Blood Rain: While not actual blood, this red-colored rain is caused by dust or sand mixed with water droplets, creating a disturbing spectacle.

Cobwebs: Massive falls of cobwebs have been reported, often linked to spider ballooning behavior where spiders release silk threads to travel through the air.

Golf Balls: In 1969, a shower of golf balls rained down on Punta Gorda, Florida, believed to have been lifted from a nearby golf course by a waterspout.

Non-Perishable Goods: In 2007, canned food and packaged snacks fell from the sky in a small English town, likely tossed from a plane.

While some of these events have plausible explanations, such as strong winds or tornadoes, others remain shrouded in mystery. 

Scientists and researchers continue to investigate these strange occurrences, exploring possibilities ranging from natural phenomena to human intervention.

The Kentucky Meat Shower’s Legacy

The Kentucky Meat Shower is a prime example of how a lack of knowledge can spark wild theories.

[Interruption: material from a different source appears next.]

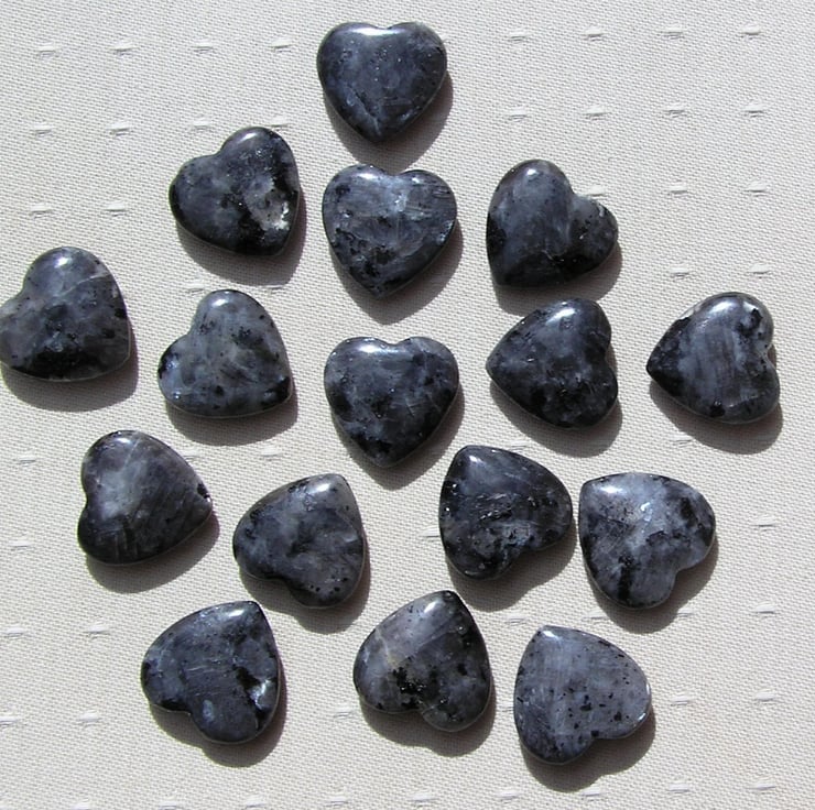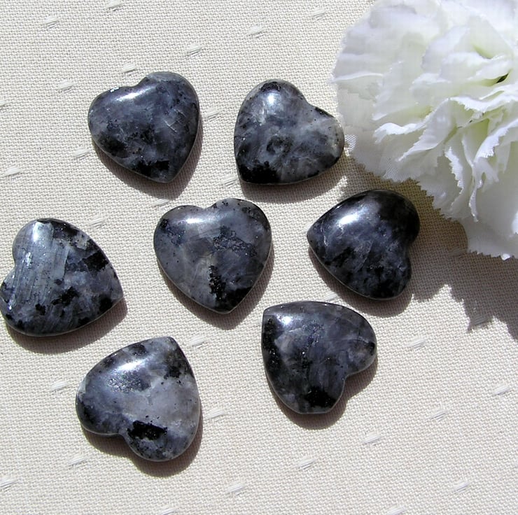 6 (Six) Beautiful Black Labradorite Solid Gemstone Crystal Hearts

In 1876, when the event occurred, scientific understanding was limited, leading to a whirlwind of speculation and outlandish explanations.

Thankfully, science doesn’t stand still. As we’ve learned more about the world around us, the vulture vomit theory has emerged as the most likely explanation. It’s a reminder that even the strangest events can often be explained with a bit of scientific know-how.

The Kentucky Meat Shower and other bizarre rain events remind us that the natural world still holds many secrets and surprises, and the boundaries of what we know are constantly shifting.